Nearly 40 percent of people will experience syncope or fainting spells at least once in their lifetime, and this brief loss of consciousness, whether caused by pain, fear, heat, hyperventilation, or something else, accounts for the vast majority of hospital emergency room visits; however, researchers are largely unsure of the exact mechanism that causes people to "syncope. However, the exact root mechanism of people's "fainting" is largely unknown to researchers. Recently, a study published in the international journal Nature entitled "Vagal sensory neurons mediate the Bezold-Jarisch reflex and induce syncope. Scientists from the University of California and other institutions have identified, for the first time, a specific genetic pathway between the heart and the brain that is involved in syncope.
One of the researchers' unique approaches is to consider the heart as a sensory organ, rather than the long-held view that the brain sends signals and the heart simply follows instructions. In this study, the researchers used a variety of methods to better understand the specific neural connections between the heart and the brain. We found that the heart also sends signals to the brain that alter brain function, and the information derived from this study may be relevant to better understanding and treating a wide range of psychiatric and neurological disorders related to the brain-heart connection," said researcher Vineet Augustine. Our study provides the first comprehensive elucidation of the genetically defined cardiac reflex, which faithfully encapsulates human syncope, at the physiological, behavioral and neural network levels.

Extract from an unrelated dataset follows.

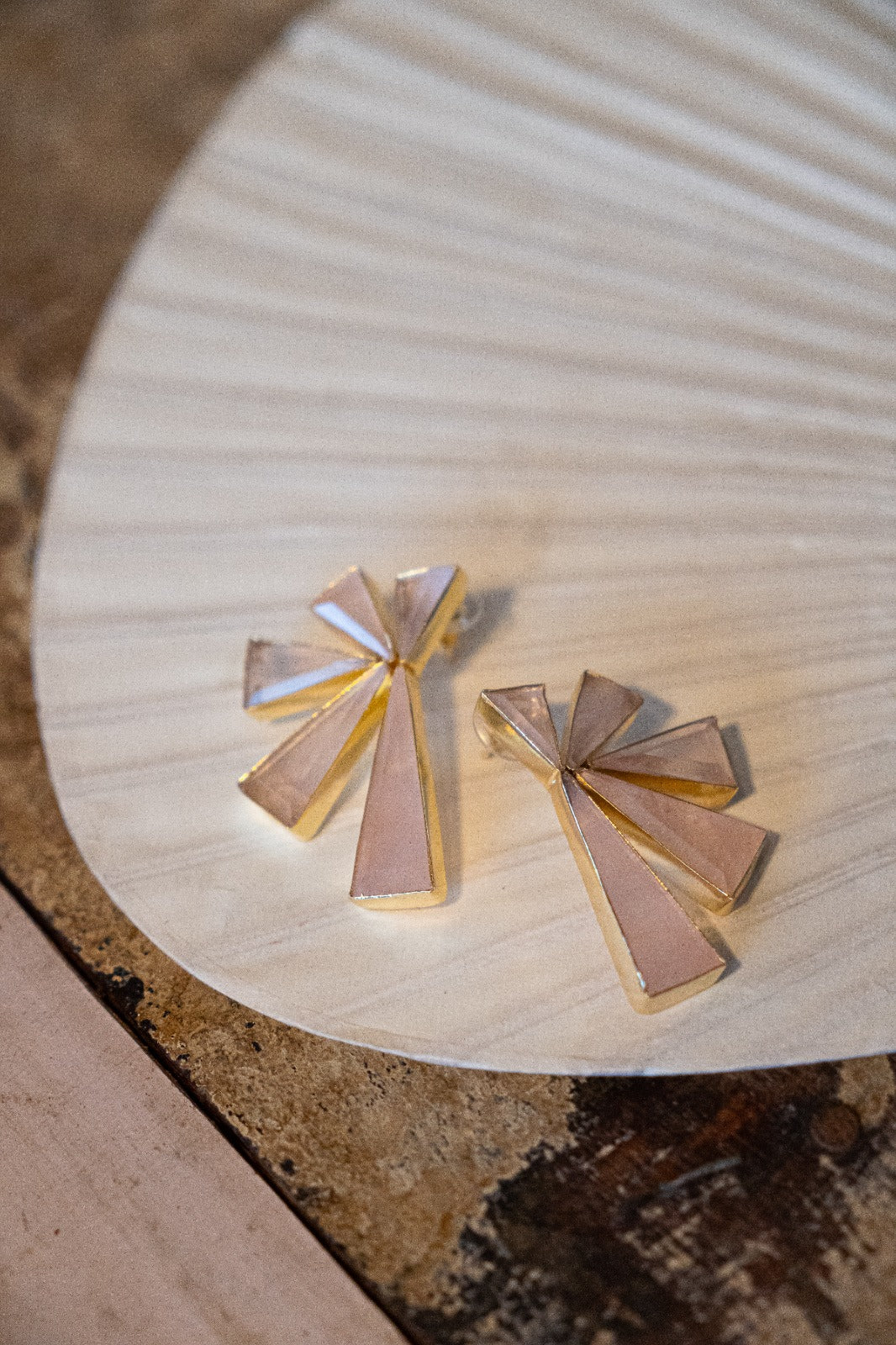Earrings made of five natural rose quartz stones in the shape of triangles of varying sizes, joined in the center. Handcrafted.

In the article, the researchers jointly investigated the neural mechanisms associated with the Bezold-Jarisch reflex (BJR), a cardiac reflex first described in 1867; for decades, researchers have hypothesized that the BJR, which is characterized by decreases in heart rate, blood pressure, and respiration, might be associated with organic syncope, but because the neural pathways involved in the reflex are currently unknown, the researchers have lacked the information to prove this idea. The researchers focused on analyzing the genetics behind sensory clusters called nodose ganglia, part of the vagus nerve that carries signals for transmission between the brain and internal organs, including the heart; specifically, vagal sensory neurons (VSNs, vagal sensory neurons) project signals to the brainstem and are thought to be directly related to BJR and syncope, and in the researchers' search for novel neural pathways, they found that VSNs that express the neuropeptide Y receptor Y2 (called NPY2R) are closely associated with the well-known BJR response.

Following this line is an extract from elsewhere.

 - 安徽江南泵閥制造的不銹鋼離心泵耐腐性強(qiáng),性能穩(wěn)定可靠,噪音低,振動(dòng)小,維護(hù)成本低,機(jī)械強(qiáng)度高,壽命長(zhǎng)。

Novel brain-heart link identified.
Image From: Nature (2023). DOI:10.1038/s41586-023-06680-7
The researchers then studied this pathway in mice, and they were surprised to find that when NPY2R VSNs were actively set off using optogenetics, a method of stimulating and controlling neurons, the mice, which were able to move freely, immediately fainted. During these events, the researchers recorded data from thousands of neurons in the mice's brains, as well as changes in their heart activity and facial features, including pupil diameter and blinking. Using machine learning in a variety of ways to analyze the data and identify features of interest, the researchers found that once the NPY2R neurons were activated, the mice exhibited rapid pupil dilation and the "rolling of the eyes" that is typical of syncope in humans, while the body's heart rate, blood pressure, and respiratory rate were also suppressed. In addition, the researchers measured a decrease in blood flow to the brain.
The researchers concluded that we were surprised when we saw their eyes roll back in time with the rapid decline in brain activity; a few seconds later, their brain activity and movement returned. Further studies showed that BJR and syncope symptoms disappeared when NPY2R VSNs were removed from the mouse organism. Previous findings have suggested that syncope is caused by reduced blood flow to the brain, and this latest study found that this is indeed the case, but the latest research evidence suggests that brain activity itself may play an important role, and thus the study suggests that the activation of neural pathways in the machinery of the novel genetically-identified VSNs is not only related to the BJR, but also, and more importantly, to the whole physiology of the animal organism, some brain networks and even behavior.
Since neuroscientists primarily study the brain and cardiologists primarily study the heart, it has previously been difficult for researchers to sort out such findings, and many of the studies have been conducted separately; according to the researchers, while traditionally neuroscientists believed that the body simply followed the brain, more and more studies today are showing that the organism sends signals to the brain, which then changes its functions . Based on the researchers' latest findings, they will continue to delve deeper to track down the precise conditions behind how vagus sensory neurons are triggered into action. The researchers note that they also hope to analyze more closely the cerebral blood flow and neural circuits of the brain at the onset of syncope in order to better understand this common but mysterious condition. In addition, the researchers hope that this study will serve as a model to help develop targeted therapies for syncope-related disorders.
In summary, the results of this paper shed light on a genetically defined cardiac reflex mechanism that encapsulates key features of syncope occurrence in humans at the physiological, behavioral, and neural network levels.